*TASK DIRECTIONS*:
What you return must be the full data, repeated verbatim, with no pictures in it.

*THE DATA*:
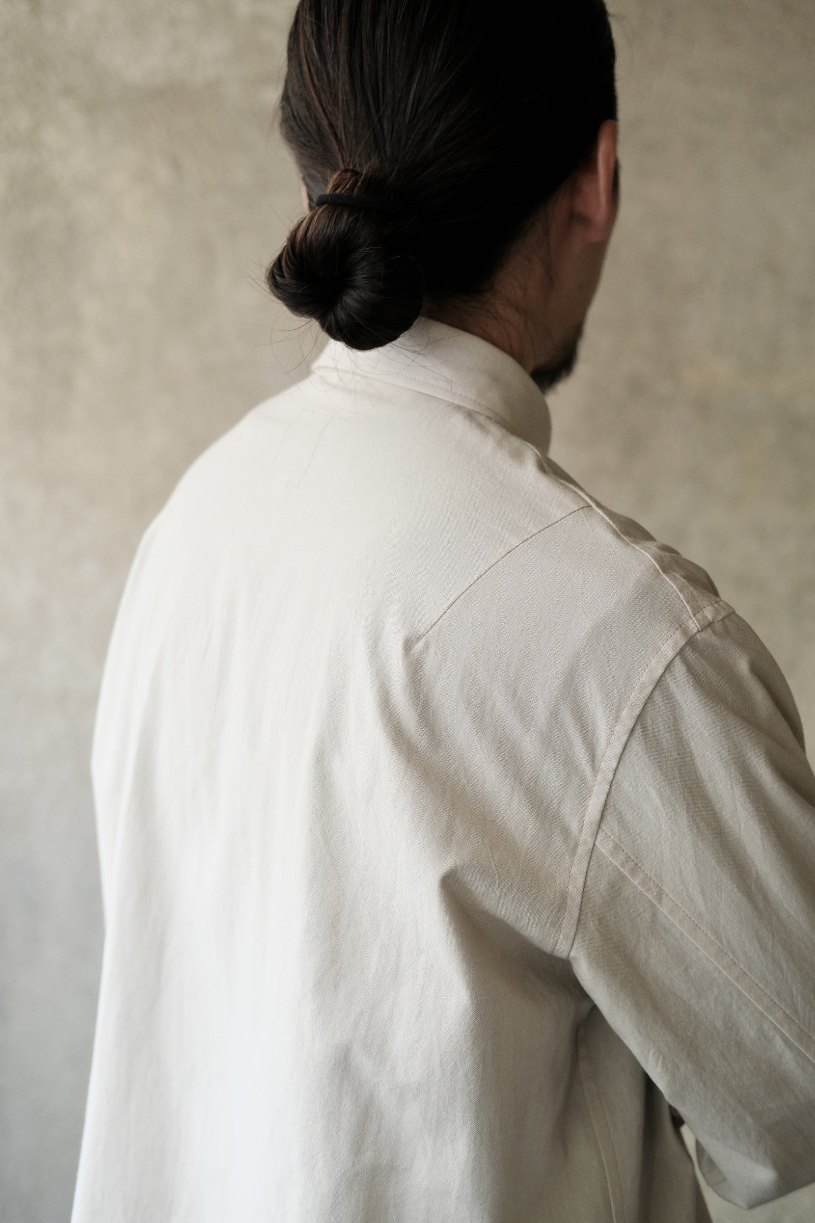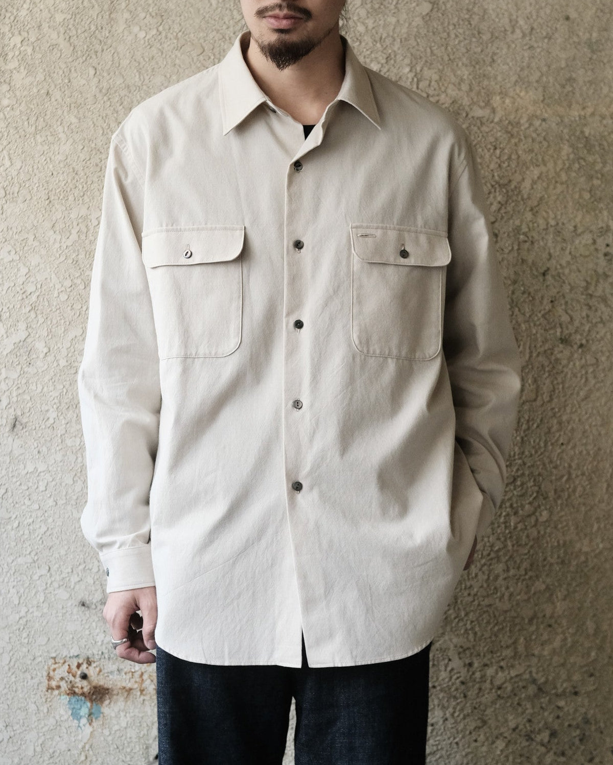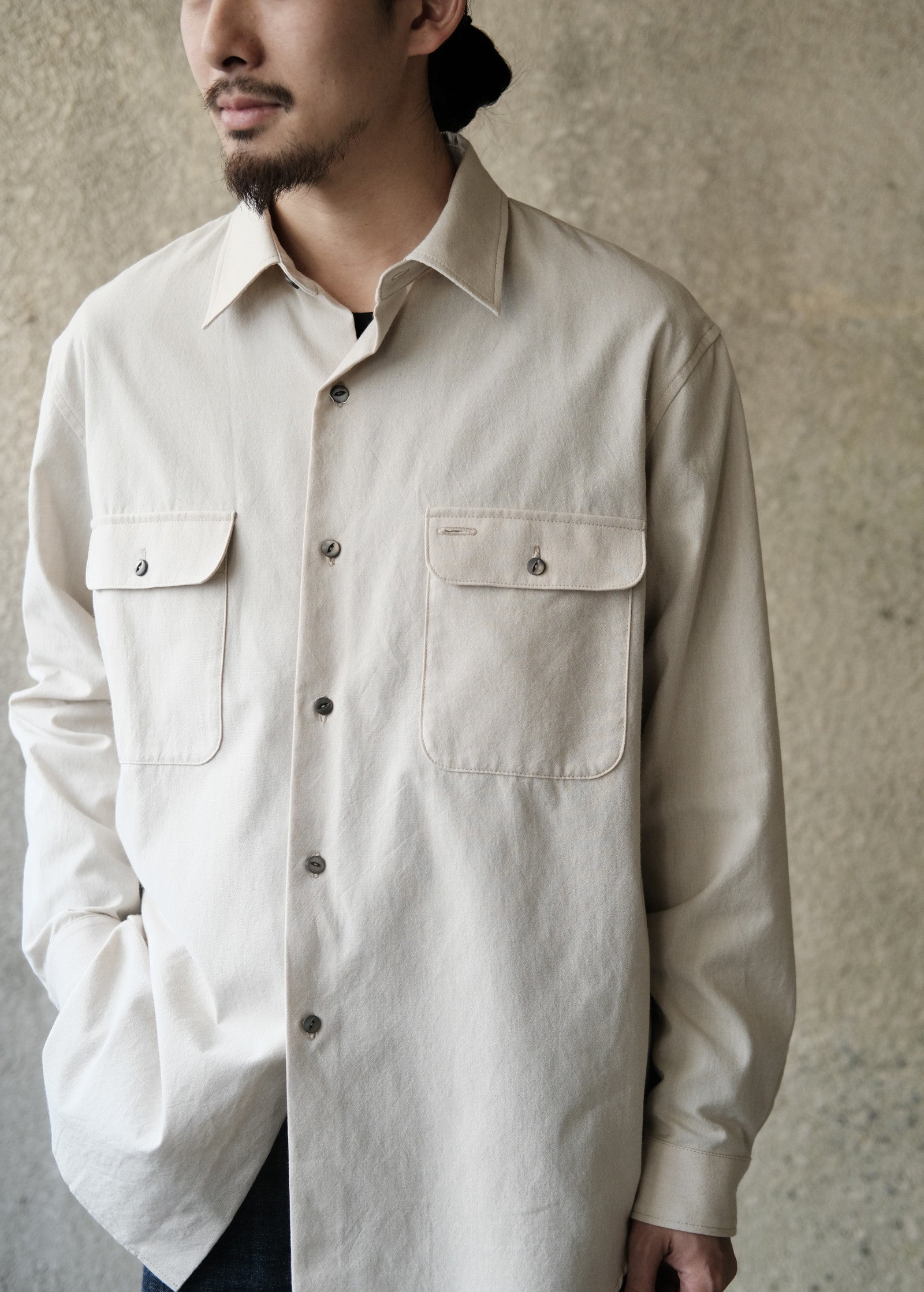 シャツにしては少し太めの糸ですが、少し甘めの密度と糸本来の起毛感を残したシンプルな洗い加工により、肌馴染みの良く柔らかい、とても優しい質感の生地となりました。
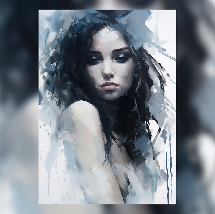 Experience the captivating allure of our "Serene Elegance" collection with this stunning oil painting print. The artwork beautifully captures the essence of a woman in soothing blues, portraying her with an air of timeless grace. The artist's skillful brushwork and use of color create a mesmerizing portrait that resonates with emotion and tranquility.
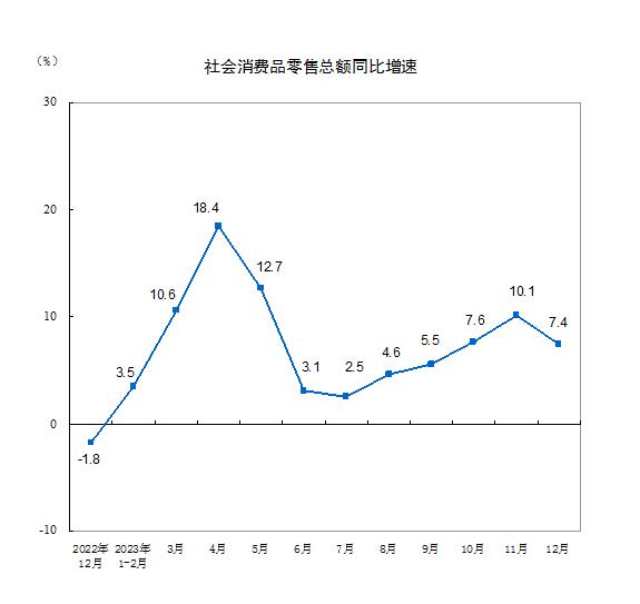 國(guó)家統(tǒng)計(jì)局:2023年12月份社會(huì)消費(fèi)品零售總額增長(zhǎng)7.4%
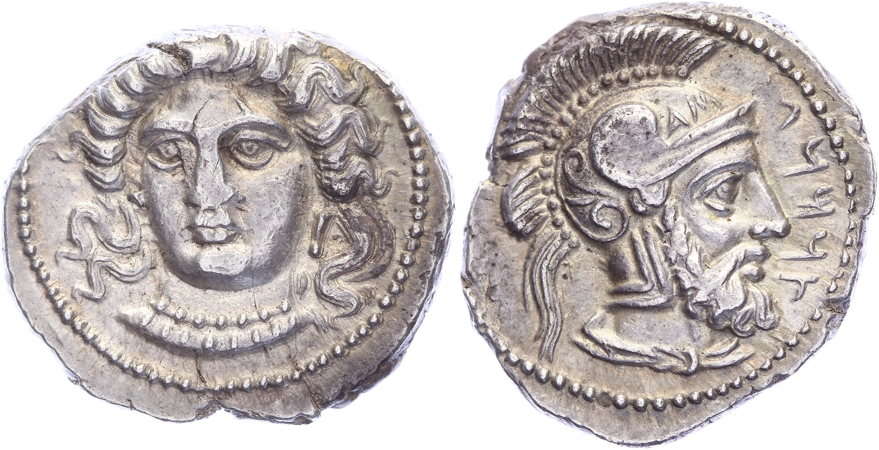 Tarkumuwa (Datames). Satrap of Cilicia and Cappadocia, 384-361/0 BC. AR Stater [10,85 gm, 23 mm]. Diademed female head facing slightly to left, wearing pendant earrings and necklace / (‘trkmw’ in Aramaic), bearded head of Ares (?) to right, wearing crested Attic helmet; on the bowl, AM. SNG Copenhagen 278-9 var. (no letters on helmet); SNG Levante 79 var. (no letters on helmet); SNG Paris 258-270 var. (no letters on helmet); Leu Web Auc. 18, lot 1363 (same dies). Extremely rare with AM on the helmet. Obverse a bit weak at high points, otherwise EF and interesting.Purchased from Tom Vossen (Tienen coin fair)

*EXPECTED ANSWER*:
 シャツにしては少し太めの糸ですが、少し甘めの密度と糸本来の起毛感を残したシンプルな洗い加工により、肌馴染みの良く柔らかい、とても優しい質感の生地となりました。
 Experience the captivating allure of our "Serene Elegance" collection with this stunning oil painting print. The artwork beautifully captures the essence of a woman in soothing blues, portraying her with an air of timeless grace. The artist's skillful brushwork and use of color create a mesmerizing portrait that resonates with emotion and tranquility.
 國(guó)家統(tǒng)計(jì)局:2023年12月份社會(huì)消費(fèi)品零售總額增長(zhǎng)7.4%
 Tarkumuwa (Datames). Satrap of Cilicia and Cappadocia, 384-361/0 BC. AR Stater [10,85 gm, 23 mm]. Diademed female head facing slightly to left, wearing pendant earrings and necklace / (‘trkmw’ in Aramaic), bearded head of Ares (?) to right, wearing crested Attic helmet; on the bowl, AM. SNG Copenhagen 278-9 var. (no letters on helmet); SNG Levante 79 var. (no letters on helmet); SNG Paris 258-270 var. (no letters on helmet); Leu Web Auc. 18, lot 1363 (same dies). Extremely rare with AM on the helmet. Obverse a bit weak at high points, otherwise EF and interesting.Purchased from Tom Vossen (Tienen coin fair)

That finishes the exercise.